### What to produce:
Here are records with pictures in them. Copy all of them exactly and leave the pictures out.

### Data records:
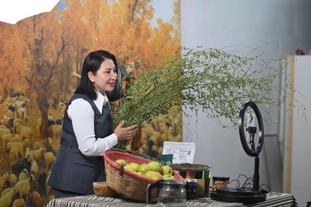 9月19日,尉犁县电商协会负责人米日阿依·阿西木在达西村的电商基地直播推介达西村农产品。近年来,达西村构建“农户生产+企业加工包装+电商销售+物流配送”全产业链,为县域经济发展培养孵化本土直播电商人才,促进传统产业转型升级。2024年
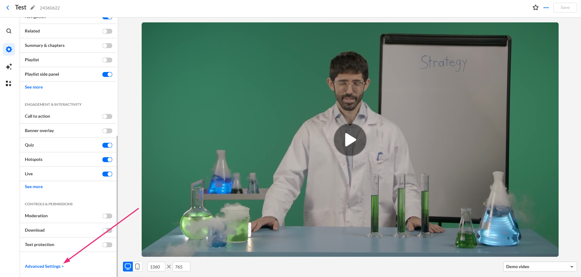 - Scroll to the bottom of the player settings and click Advanced Settings.
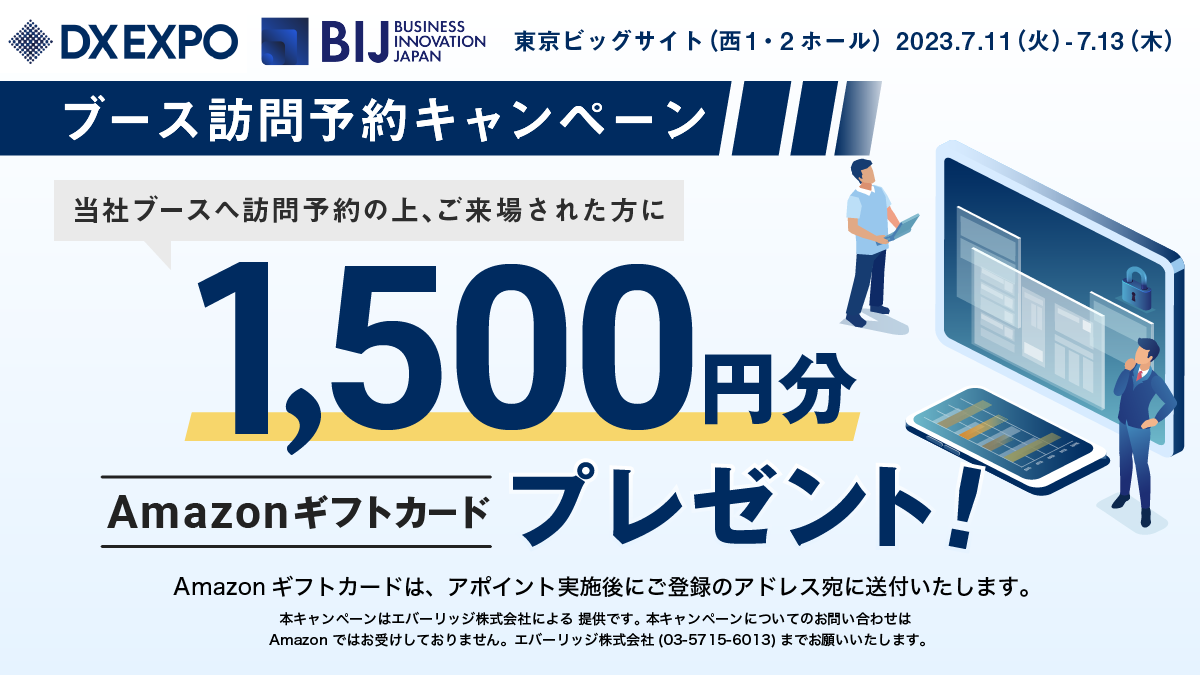 現在、弊社ブースへの訪問をご予約いただいたお客様に向けてキャンペーンを実施しております。プロモーションコード入力、当日のアポイント実施でAmazonギフトカード(1,500円分)をもれなく進呈します。ぜひ、訪問予約の上でご来場ください。
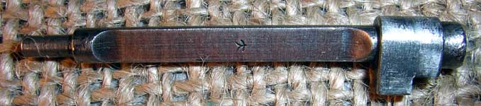 The striker spring guide (also called a firing pin extension) has flat sides, a Kokura innovation according to the Derby & Brown book. By reducing the contact area with the inside of the striker (firing pin), this helped to reduce misfires due to ice formation in cold weather. The small inspection mark visible in the middle of the flat looks a bit like a droopy version of the kanji dai, but that is not a known mark for Kokura parts like this.
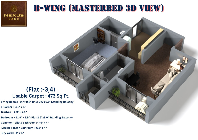 | 1.0 BHK+2T | 709 Sq.ft. (Built Up) | 473 Sq.ft. (Carpet) |
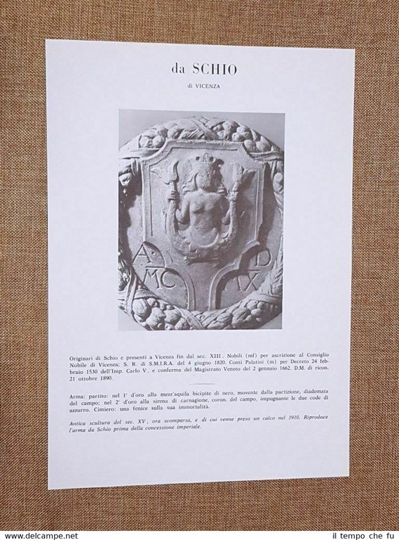 Da Schio di Vicenza Stemma Famiglia Nobile Nobiltà Araldica
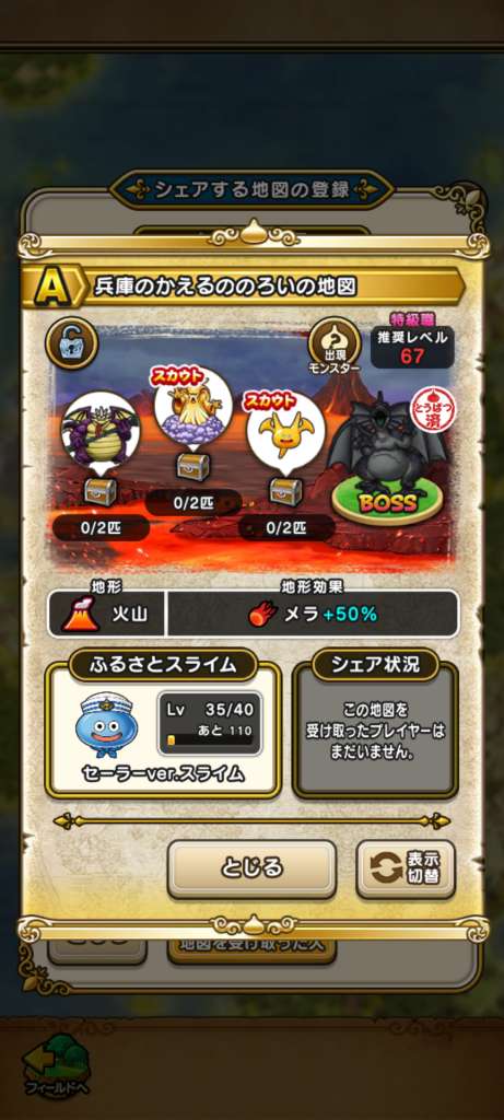 ドラクエウォークの宝の地図をシェア・入手するためのフレンド募集掲示板です。シェア時は宝の地図の内容(グレード、BOSS、お宝モンスター、都道府県)と自分のIDを記載してください。
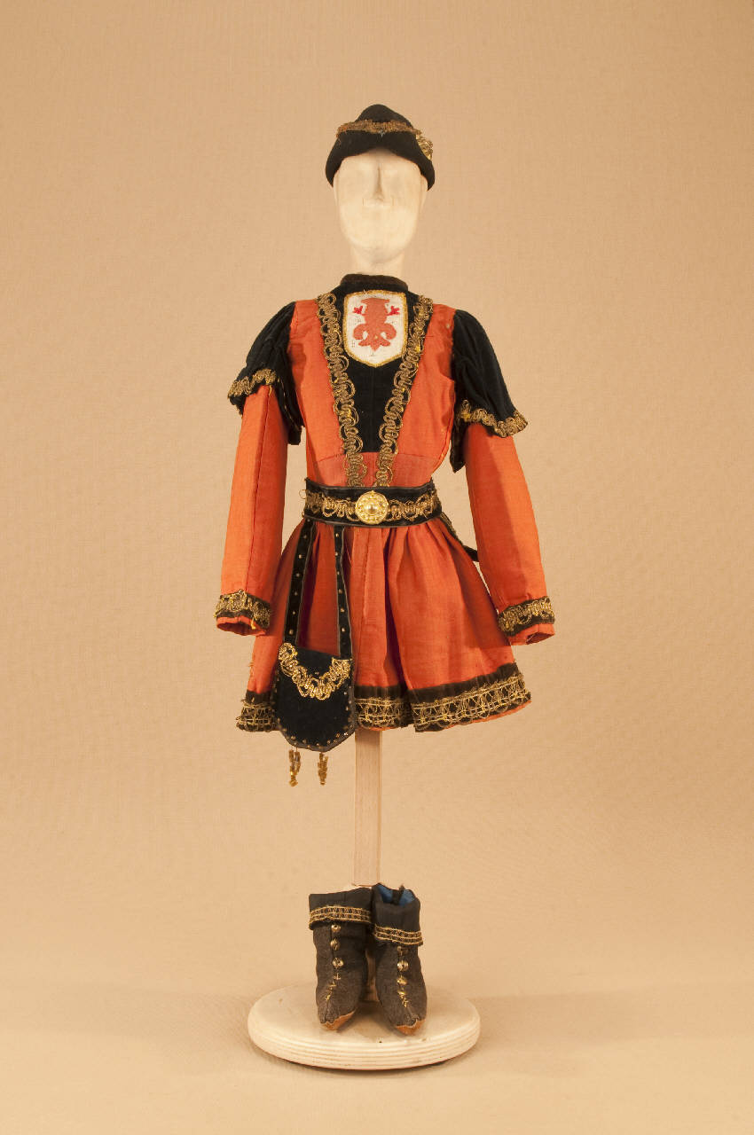 Costume militare di foggia quattrocentesca composto da veste, cintura (con borsetta), scarpe e cappello.

### Exercise response:
 9月19日,尉犁县电商协会负责人米日阿依·阿西木在达西村的电商基地直播推介达西村农产品。近年来,达西村构建“农户生产+企业加工包装+电商销售+物流配送”全产业链,为县域经济发展培养孵化本土直播电商人才,促进传统产业转型升级。2024年
 - Scroll to the bottom of the player settings and click Advanced Settings.
 現在、弊社ブースへの訪問をご予約いただいたお客様に向けてキャンペーンを実施しております。プロモーションコード入力、当日のアポイント実施でAmazonギフトカード(1,500円分)をもれなく進呈します。ぜひ、訪問予約の上でご来場ください。
 The striker spring guide (also called a firing pin extension) has flat sides, a Kokura innovation according to the Derby & Brown book. By reducing the contact area with the inside of the striker (firing pin), this helped to reduce misfires due to ice formation in cold weather. The small inspection mark visible in the middle of the flat looks a bit like a droopy version of the kanji dai, but that is not a known mark for Kokura parts like this.
 | 1.0 BHK+2T | 709 Sq.ft. (Built Up) | 473 Sq.ft. (Carpet) |
 Da Schio di Vicenza Stemma Famiglia Nobile Nobiltà Araldica
 ドラクエウォークの宝の地図をシェア・入手するためのフレンド募集掲示板です。シェア時は宝の地図の内容(グレード、BOSS、お宝モンスター、都道府県)と自分のIDを記載してください。
 Costume militare di foggia quattrocentesca composto da veste, cintura (con borsetta), scarpe e cappello.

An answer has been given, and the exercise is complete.